Ideally you would need google's Dremel (engine behind BigQuery). We are developing open source clone, but it will take some time...
Regardless of the engine used I think solution should include holding the whole dataset in memory - it should give an idea what size of cluster you need.
If I understand you correctly and you only need to aggregate on single columns at a time
You can store your data differently for better results
in HBase that would look something like
table per data column in today's setup and another single table for the filtering fields (type_ids)
row for each key in today's setup - you may want to think how to incorporate your filter fields into the key for efficient filtering - otherwise you'd have to do a two phase read (
column for each table in today's setup (i.e. few thousands of columns)
HBase doesn't mind if you add new columns and is sparse in the sense that it doesn't store data for columns that don't exist.
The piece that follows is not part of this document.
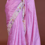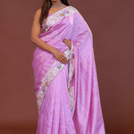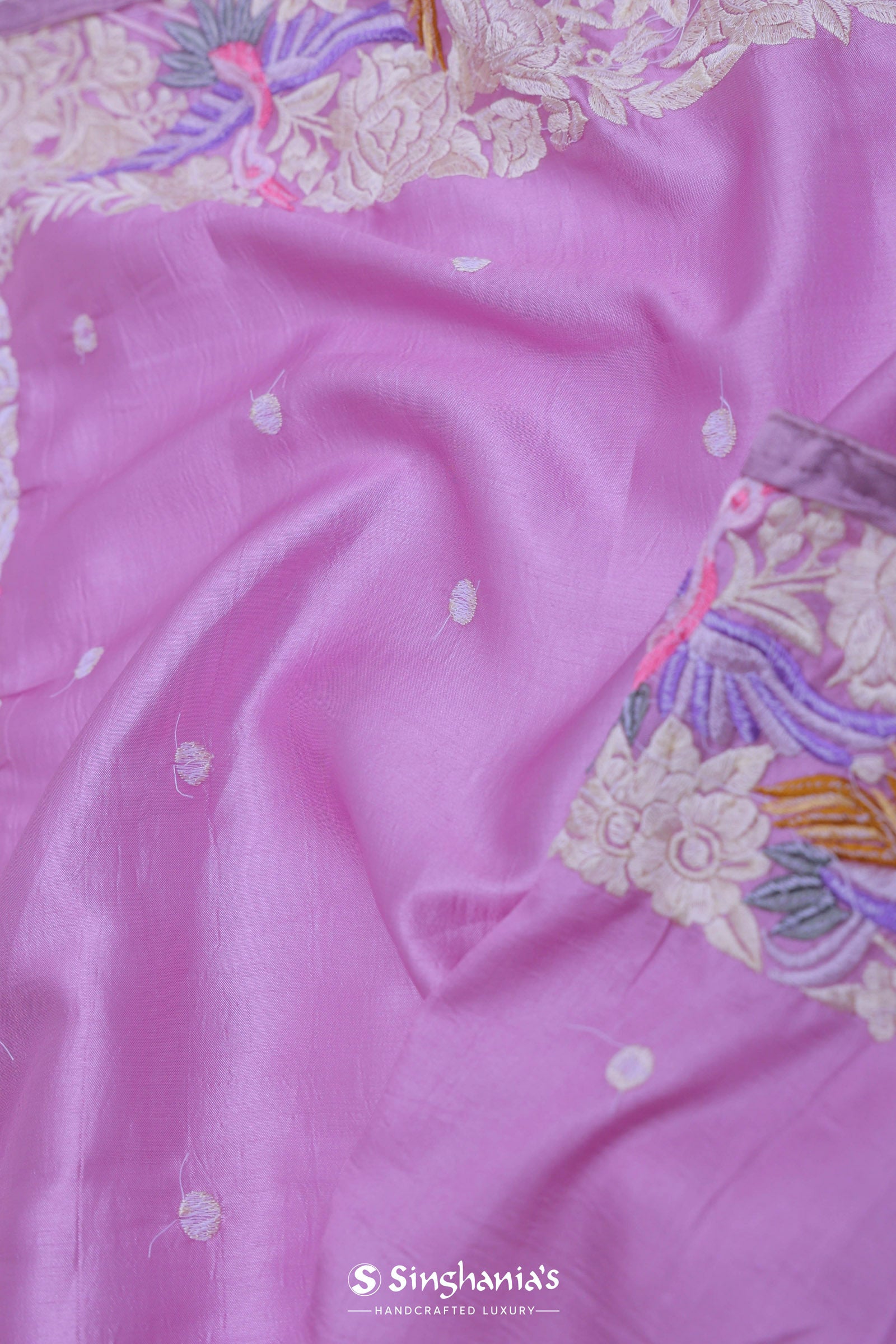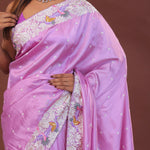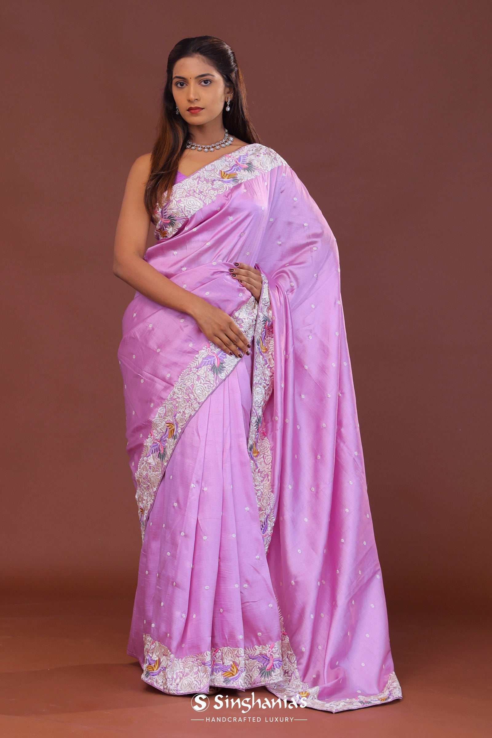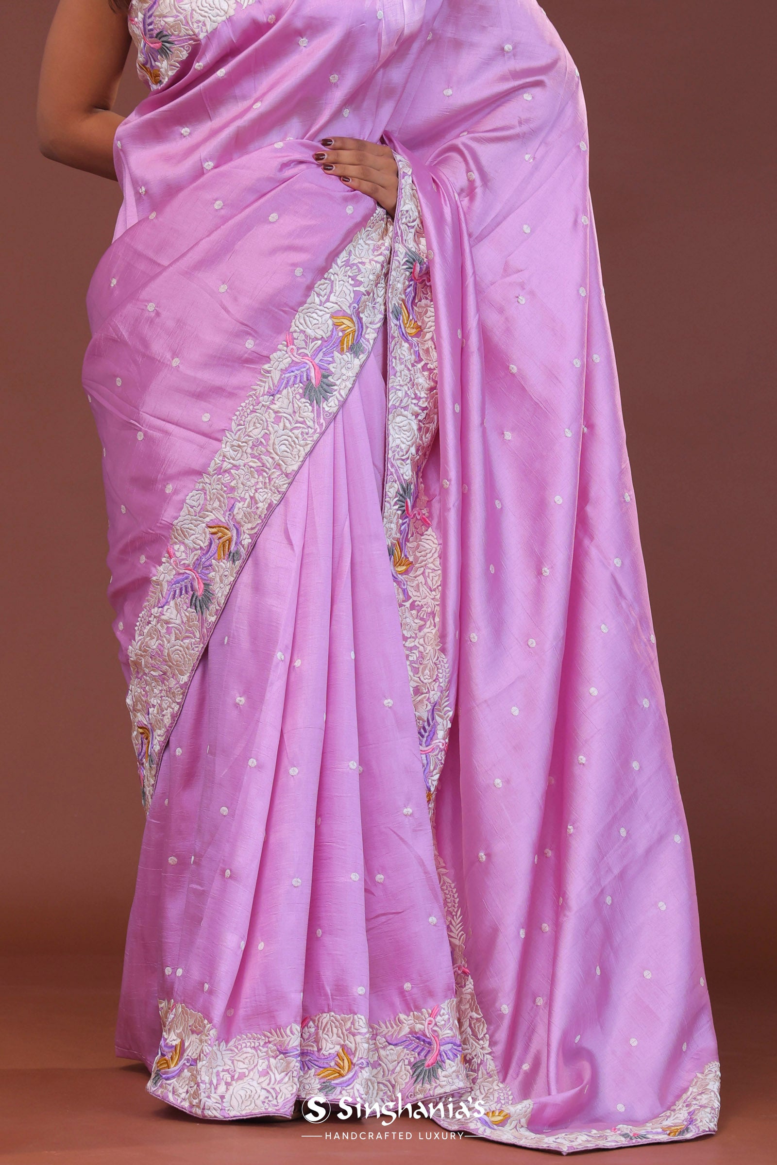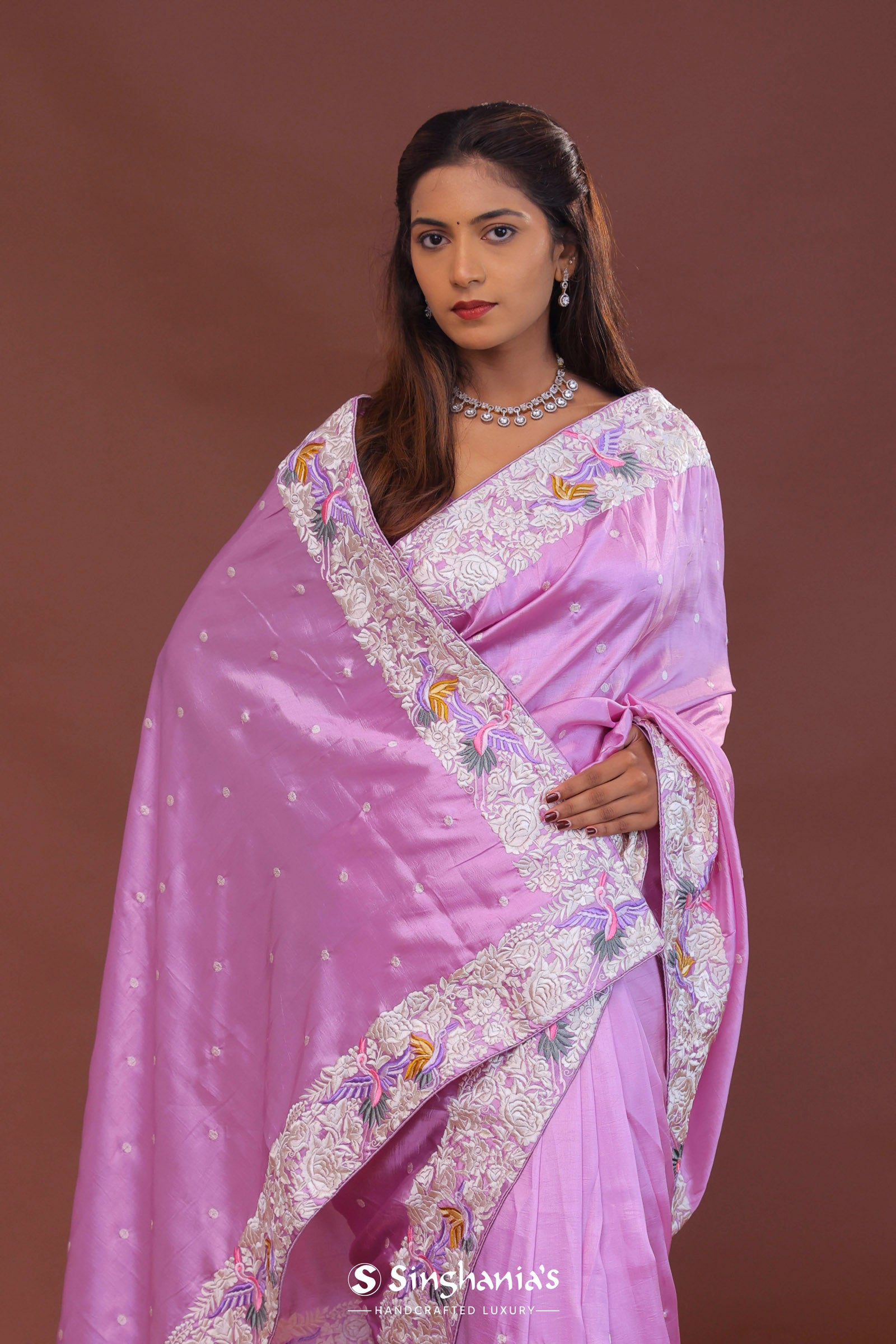 Delicate white parsi embroidery and buttis are dispersed across the body of this lavender soft silk saree. An elegant fusion of softness and tradition, ideal for formal events.

When you read a row you'd get all the relevant value which you can do avg. etc. quite easily
You might want to use a plain old database for this. It doesn't sound like you have a transactional system. As a result you can probably use just one or two large tables. SQL has problems when you need to join over large data. But since your data set doesn't sound like you need to join, you should be fine. You can have the indexes setup to find the data set and the either do in SQL or in app math.